> [Task objective]:
Your answer must match, word for word, the lines from the one holding "Тем не менее" through the final line below, with pictures excluded.
[[ Exercise data, beginning ]]
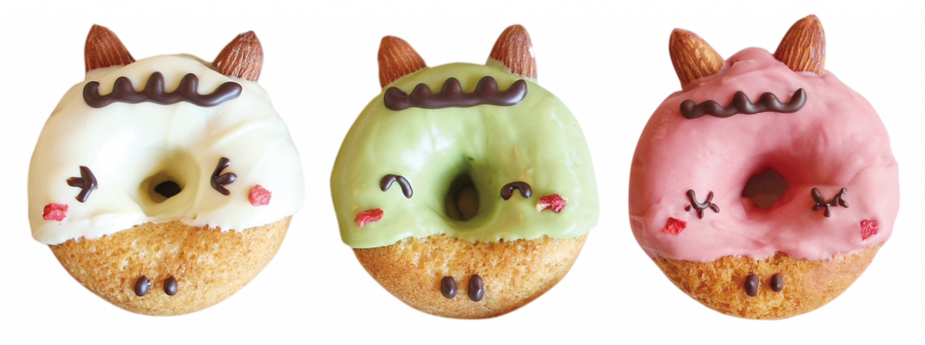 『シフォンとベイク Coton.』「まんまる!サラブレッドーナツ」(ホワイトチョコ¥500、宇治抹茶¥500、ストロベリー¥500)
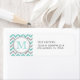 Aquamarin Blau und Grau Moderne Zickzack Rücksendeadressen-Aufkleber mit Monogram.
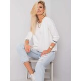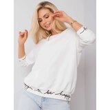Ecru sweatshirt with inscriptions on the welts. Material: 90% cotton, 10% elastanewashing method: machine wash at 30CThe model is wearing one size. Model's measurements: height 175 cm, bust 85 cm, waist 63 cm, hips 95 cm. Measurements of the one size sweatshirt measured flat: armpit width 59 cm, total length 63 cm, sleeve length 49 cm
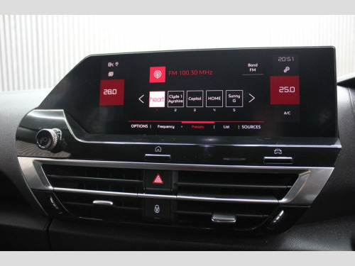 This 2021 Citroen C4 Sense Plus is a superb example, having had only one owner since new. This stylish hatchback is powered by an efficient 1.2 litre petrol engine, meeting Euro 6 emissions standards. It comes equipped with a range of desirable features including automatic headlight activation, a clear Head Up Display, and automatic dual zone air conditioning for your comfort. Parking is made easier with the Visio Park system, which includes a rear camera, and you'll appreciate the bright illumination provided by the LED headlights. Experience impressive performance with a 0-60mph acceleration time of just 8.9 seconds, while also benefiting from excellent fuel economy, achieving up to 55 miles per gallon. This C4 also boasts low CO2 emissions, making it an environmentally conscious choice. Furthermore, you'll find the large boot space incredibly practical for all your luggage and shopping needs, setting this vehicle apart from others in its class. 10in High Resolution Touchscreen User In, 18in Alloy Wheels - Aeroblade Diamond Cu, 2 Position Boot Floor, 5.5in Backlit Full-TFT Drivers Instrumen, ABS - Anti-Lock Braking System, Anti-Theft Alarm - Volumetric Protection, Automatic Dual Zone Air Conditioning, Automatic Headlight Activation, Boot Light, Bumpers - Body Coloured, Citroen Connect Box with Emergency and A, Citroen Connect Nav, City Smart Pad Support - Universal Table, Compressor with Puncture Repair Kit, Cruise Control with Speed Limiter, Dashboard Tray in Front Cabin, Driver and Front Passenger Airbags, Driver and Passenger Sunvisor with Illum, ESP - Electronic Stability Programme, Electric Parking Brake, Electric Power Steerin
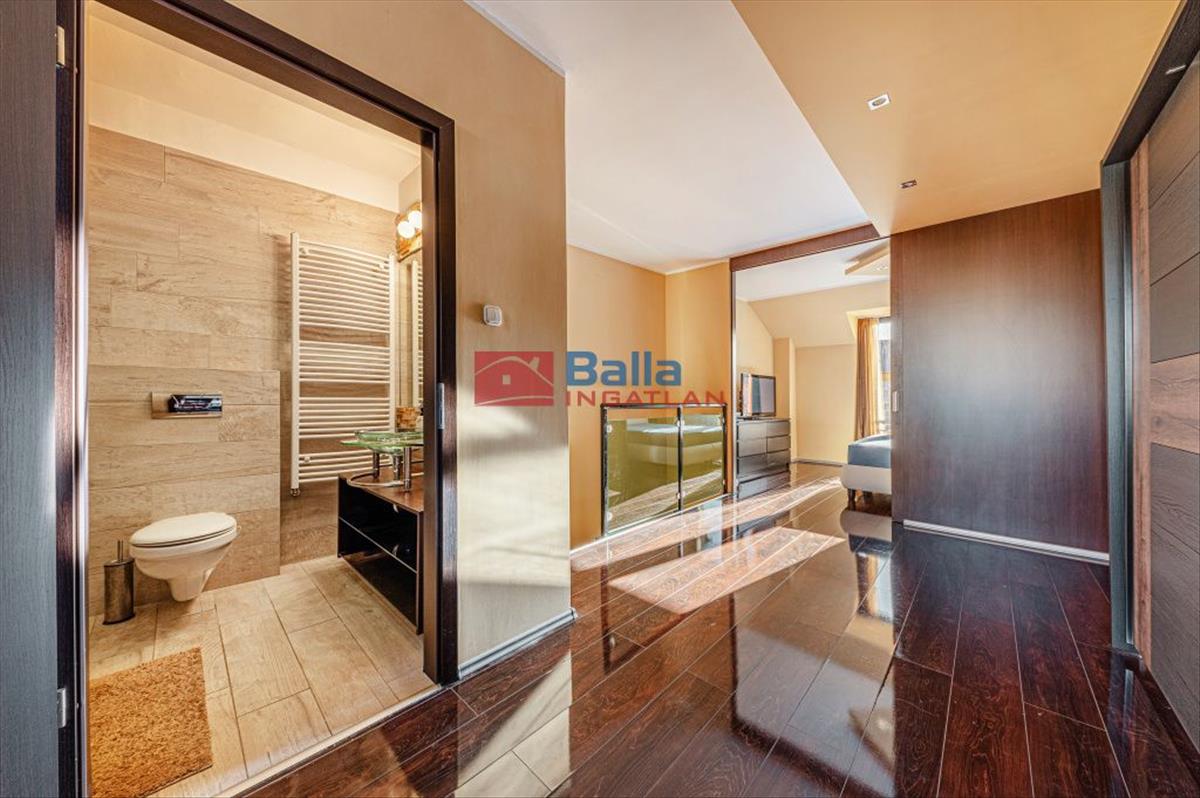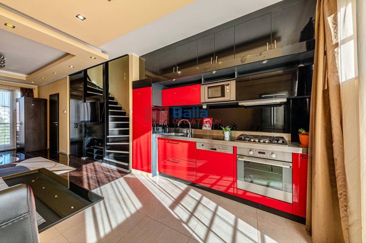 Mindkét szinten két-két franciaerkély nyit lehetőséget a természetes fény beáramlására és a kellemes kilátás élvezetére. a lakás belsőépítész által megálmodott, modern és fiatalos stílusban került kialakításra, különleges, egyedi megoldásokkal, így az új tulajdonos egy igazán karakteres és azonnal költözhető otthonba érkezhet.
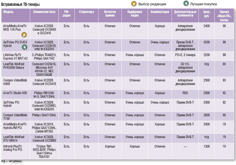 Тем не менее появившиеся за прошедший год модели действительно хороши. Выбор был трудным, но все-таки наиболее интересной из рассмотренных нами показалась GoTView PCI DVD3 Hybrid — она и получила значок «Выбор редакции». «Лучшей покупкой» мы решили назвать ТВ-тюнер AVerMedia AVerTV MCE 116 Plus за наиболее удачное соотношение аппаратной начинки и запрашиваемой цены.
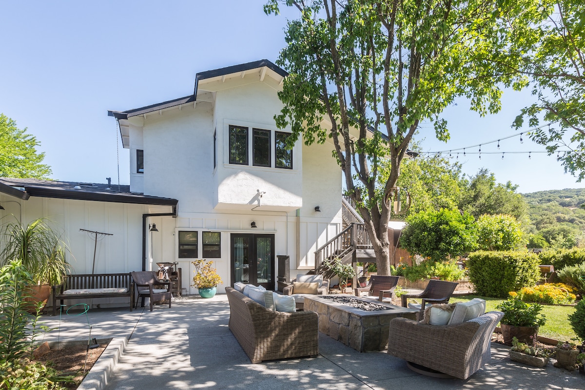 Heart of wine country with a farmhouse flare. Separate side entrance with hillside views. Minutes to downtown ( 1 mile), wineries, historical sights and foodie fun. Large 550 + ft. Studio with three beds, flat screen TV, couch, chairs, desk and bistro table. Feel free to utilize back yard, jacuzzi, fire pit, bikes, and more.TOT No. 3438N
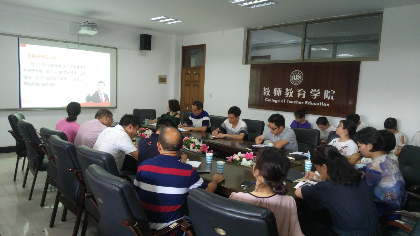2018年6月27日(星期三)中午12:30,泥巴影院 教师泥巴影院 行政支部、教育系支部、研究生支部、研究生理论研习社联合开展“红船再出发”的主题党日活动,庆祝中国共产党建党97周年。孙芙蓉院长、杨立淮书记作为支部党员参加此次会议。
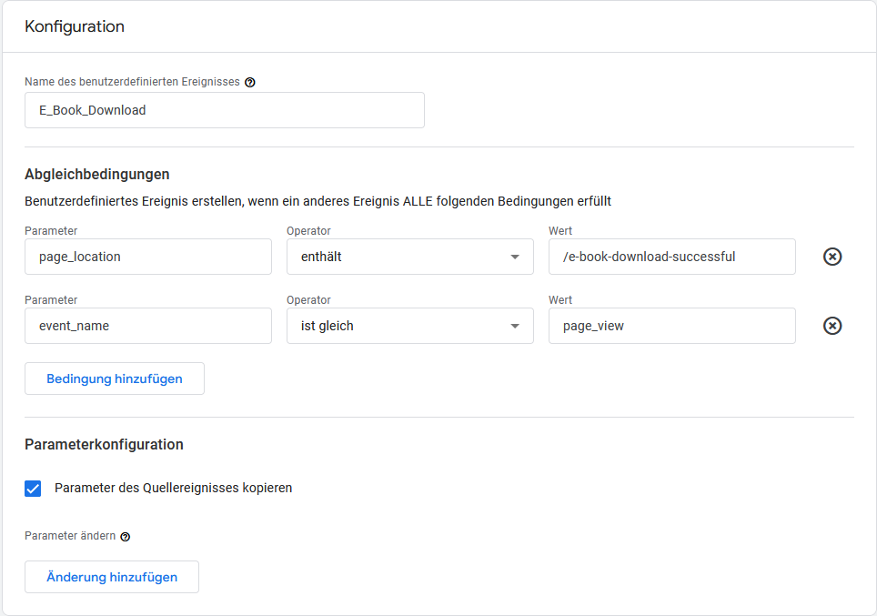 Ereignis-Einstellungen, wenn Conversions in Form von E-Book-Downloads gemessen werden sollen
[[ Exercise data, end ]]
> [Written solution]:
 Тем не менее появившиеся за прошедший год модели действительно хороши. Выбор был трудным, но все-таки наиболее интересной из рассмотренных нами показалась GoTView PCI DVD3 Hybrid — она и получила значок «Выбор редакции». «Лучшей покупкой» мы решили назвать ТВ-тюнер AVerMedia AVerTV MCE 116 Plus за наиболее удачное соотношение аппаратной начинки и запрашиваемой цены.
 Heart of wine country with a farmhouse flare. Separate side entrance with hillside views. Minutes to downtown ( 1 mile), wineries, historical sights and foodie fun. Large 550 + ft. Studio with three beds, flat screen TV, couch, chairs, desk and bistro table. Feel free to utilize back yard, jacuzzi, fire pit, bikes, and more.TOT No. 3438N
2018年6月27日(星期三)中午12:30,泥巴影院 教师泥巴影院 行政支部、教育系支部、研究生支部、研究生理论研习社联合开展“红船再出发”的主题党日活动,庆祝中国共产党建党97周年。孙芙蓉院长、杨立淮书记作为支部党员参加此次会议。
 Ereignis-Einstellungen, wenn Conversions in Form von E-Book-Downloads gemessen werden sollen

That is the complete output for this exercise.